Exames de Ordem da OAB.
Francisco César Pinheiro Rodrigues*
Foi com justificada satisfação que me deparei — por mero acaso, “navegando” na internet —, com inteligente e contundente artigo do advogado e professor Dr. Fernando Machado da Silva Lima, do Pará, criticando o excesso de rigor nos Exames de Ordem da OAB em todo o país.
São conhecidos os argumentos pró e contra tais exames, o que me desobriga de enumerá-los exaustivamente, selecionando aqui apenas alguns deles.
O argumento básico em favor da manutenção dos Exames de Ordem está no alegado despreparo dos candidatos, formados, em geral, em Faculdades pouco exigentes em termos de qualidade do ensino. A solução para neutralizar o problema estaria — segundo a OAB —, no rigor das provas do referido exame. E a limitação do número de Faculdades de Direito contribuiria, de forma indireta, mas poderosa, para solucionar o problema. O número restrito de Faculdades faria o papel de “filtro” da vocação e capacidade dos interessados em exercer uma profissão intelectualizada e exigente de qualidades especiais, pouco presentes em outras profissões: astúcia; previsão do tipo de reação do adversário (e do próprio juiz); paciência frente aos reveses, inclusive a ingratidão do cliente; alguma agressividade, bem dosada e no “momento certo”; persistência; certa dose de coragem (por vezes física); resignação contra algo extremamente aleatório (as tendências de um juiz que não pôde escolher, talvez propenso a dar, na sentença, belas aulas de direito mas não suficientemente atento no exame da prova); falta de dinheiro ou de boa-vontade do governo para pagar precatórios, etc.

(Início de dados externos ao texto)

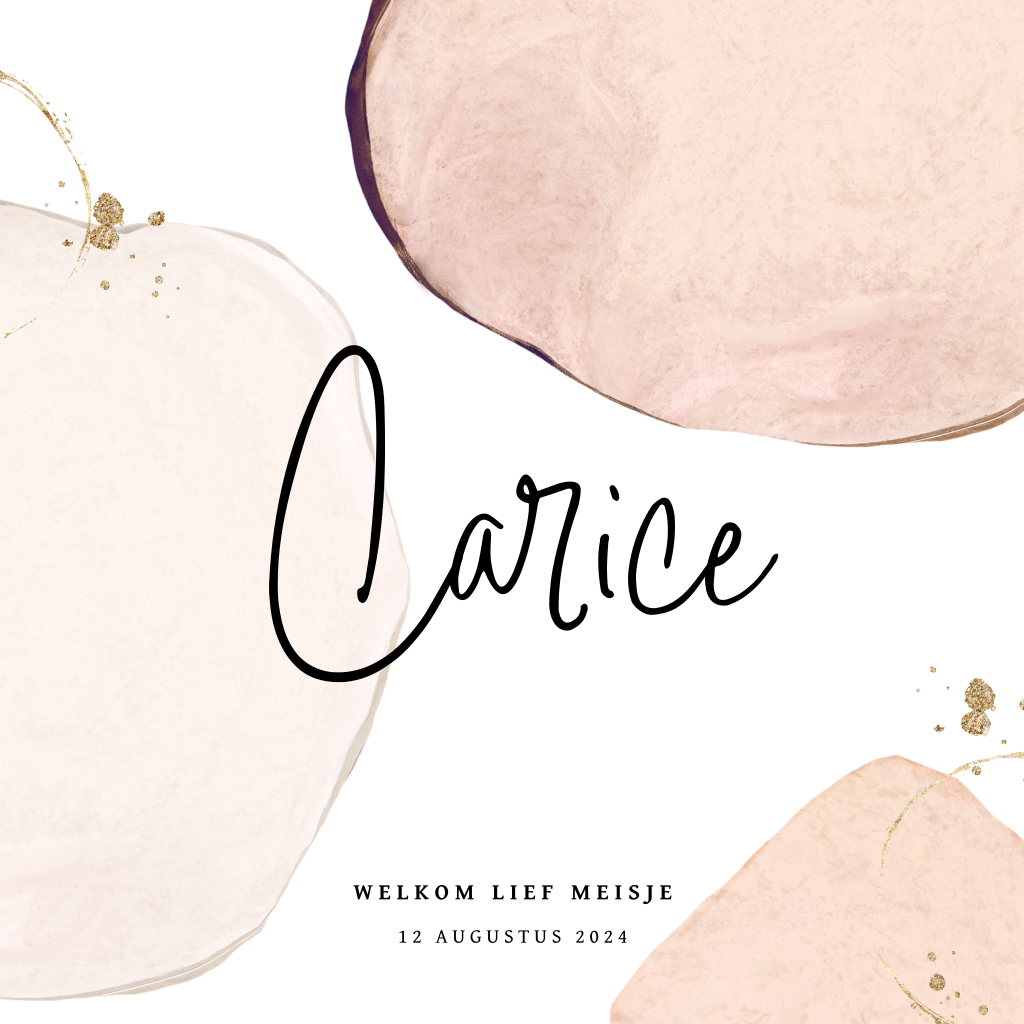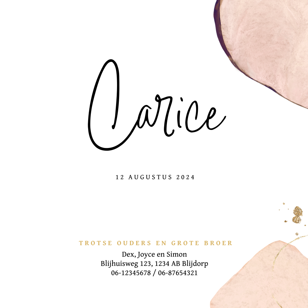 Hip geboortekaartje voor een meisje met mooie abstracte vormen in aquarel. Op dit babykaartje Carice staan de vormen in zachte roze tinten en maken de kleine gouden accenten het kaartje helemaal af. Voor de naam van de baby is een mooi sierlijk lettertype gebruikt. Pas de teksten en kleuren naar je eigen smaak aan in onze editor.
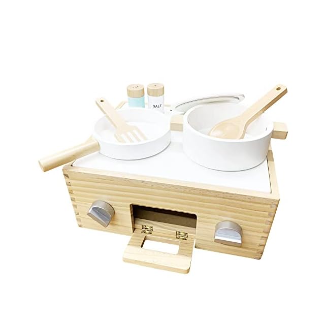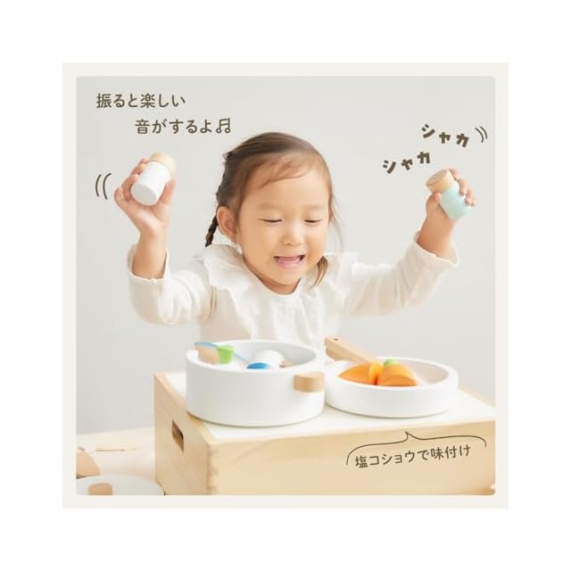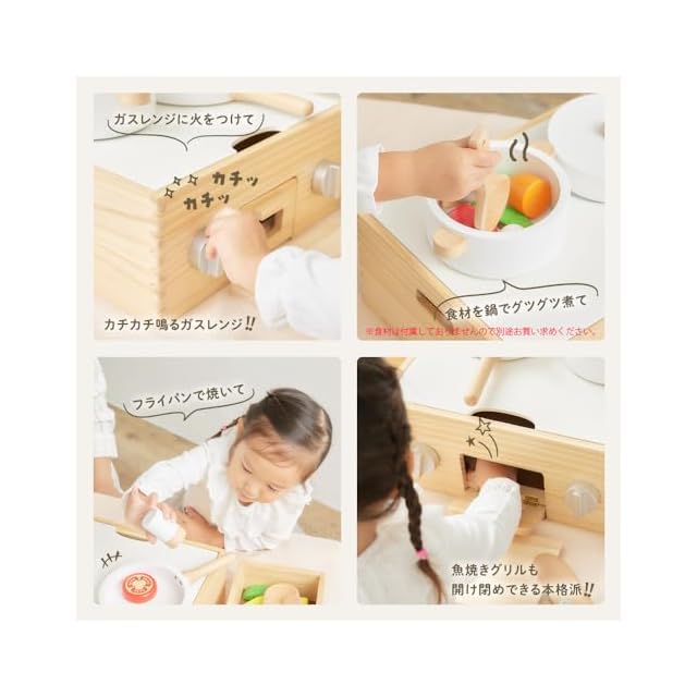 【シンプルデザイン】優しい木の質感と、おままごとの食材が映え、お部屋のインテリアを邪魔しない白を基調としたデザイン。【リアルな体験】カチカチ鳴るコンロと魚焼きグリルでままごと遊びの幅が広がります。野菜をサクッと切って、魚は三枚おろしに!ホタテが開いたら食べ頃!食材が入る大きめ設計の鍋やフライパンの鍋調理器具はもちろん、ままごと食材もたっぷり収納可能。
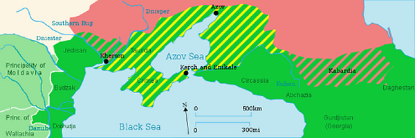 Nach dem 1774 abgeschlossenen Frieden von Kütschuk-Kajnardshi erhielt Rußland neben einer beachtlichen Kontribution große Schwarzmeergebiete (das sogenannte Neurußland), das Recht auf den Bau seiner Schwarzmeerfl?tte, freie Kertsch-, Bosporus- und Dardanellendurchfahrt sowie das Protektorat über die Donaufürstentümer Moldawien und Walachei. Das Khanat der Krimtataren, die mit türkischer Unterstützung jahrhundertelang Rußland und Polen-Litauen durch ihre Raubzüge heimsuchten, wurde von der Pforte in die Unabhängigkeit entlassen. Nach wiederholten Versuchen der Osmanen, die Krim mittels ihrer Strohmänner wieder unter türkische Kontrolle zu bringen, erklärte Kaiserin Katharina die Große am 8. April 1783 die Krim zum Bestandteil des Zarenreichs. Somit verlor die Pforte (die sich mit dem endgültigen Verlust der Krim erst 1784 offiziell abfand) ihren traditionellen Brückenkopf im Kampf gegen das Zarenreich.

Nas demais profissões liberais poucos clientes pensam em se vingar do seu dentista, médico, engenheiro, etc, mas não é raro o cidadão nutrir forte rancor — com potencial quase homicida — contra o advogado (seu ou da parte contrária) que presume ter sido sua ruína. Isso porque o advogado atua essencialmente em zona de atrito, conflitos entre seres humanos, por vezes enfurecidos e incapazes de engolir derrotas. Sua atuação assemelha-se à do domador de circo, armado de cômico banquinho e chicote em jaula recheada de feras. O médico e o dentista, por exemplo, só lidam com conflitos entre seu cliente e o lado ingrato da natureza. Quando a doença vence não há como guardar rancor duradouro contra quem o derrotou, pois a natureza é cega e impessoal. Se o profissional não agiu com desídia, considera-se vencido por um inimigo de superioridade incontrastável: o mundo biológico ou Deus, conforme a filosofia de cada um. Já em questões judiciais, o adversário é um inimigo com rosto, “antipático, presunçoso; talvez esteja agora rindo de mim, contando vantagens a seus amigos”. Em suma, a advocacia — quando militante — tem o seu lado bem ingrato. Não sei se há estatísticas comparando a incidência de enfartes entre os profissionais liberais mas arrisco dizer que o número de enfartados entre os advogados militantes leva o ouro no lúgubre certame.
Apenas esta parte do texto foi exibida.